- Data extract
= = = = = = =

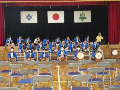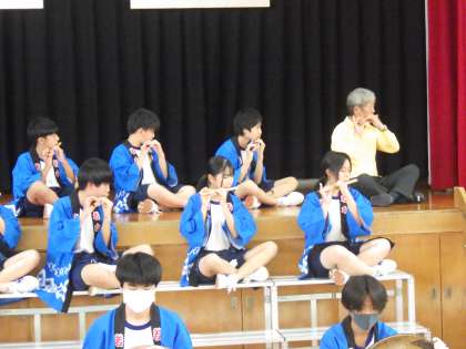 午後に行われてた全校アルペン(伝統芸能を学ぶ会)の最終回・水神囃子の活動の様子です。
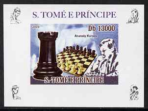 St Thomas & Prince Islands 2009 Chess Grand Masters #2 - Anatoly Karpov individual imperf deluxe sheet unmounted mint. Note this item is privately produced and is offered purely on its thematic appeal
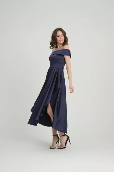 ثنى مفصلة الساتان النسيج مساء اللباس الأزرق الداكن
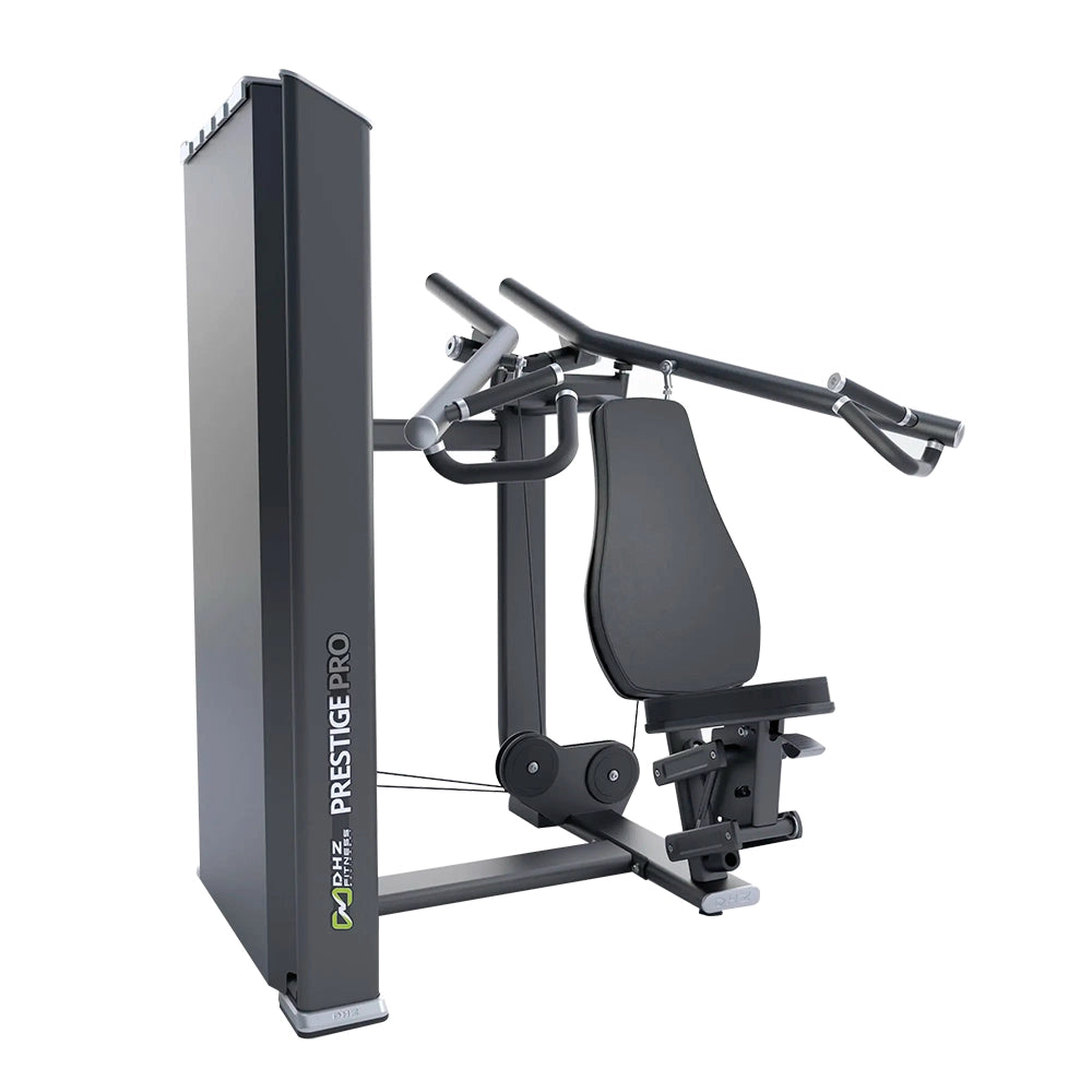 The Prestige Pro Series Shoulder Press offers a new motion trajectory solution that simulates natural motion paths. The dual-position handle supports more training styles, and the angled back and seat pads help users maintain a better training position and provide corresponding support.

= = = = = = =

- What the task requires
Retype all of the listing above exactly, but keep its pictures out.

- Result of this task
 午後に行われてた全校アルペン(伝統芸能を学ぶ会)の最終回・水神囃子の活動の様子です。
 St Thomas & Prince Islands 2009 Chess Grand Masters #2 - Anatoly Karpov individual imperf deluxe sheet unmounted mint. Note this item is privately produced and is offered purely on its thematic appeal
 ثنى مفصلة الساتان النسيج مساء اللباس الأزرق الداكن
 The Prestige Pro Series Shoulder Press offers a new motion trajectory solution that simulates natural motion paths. The dual-position handle supports more training styles, and the angled back and seat pads help users maintain a better training position and provide corresponding support.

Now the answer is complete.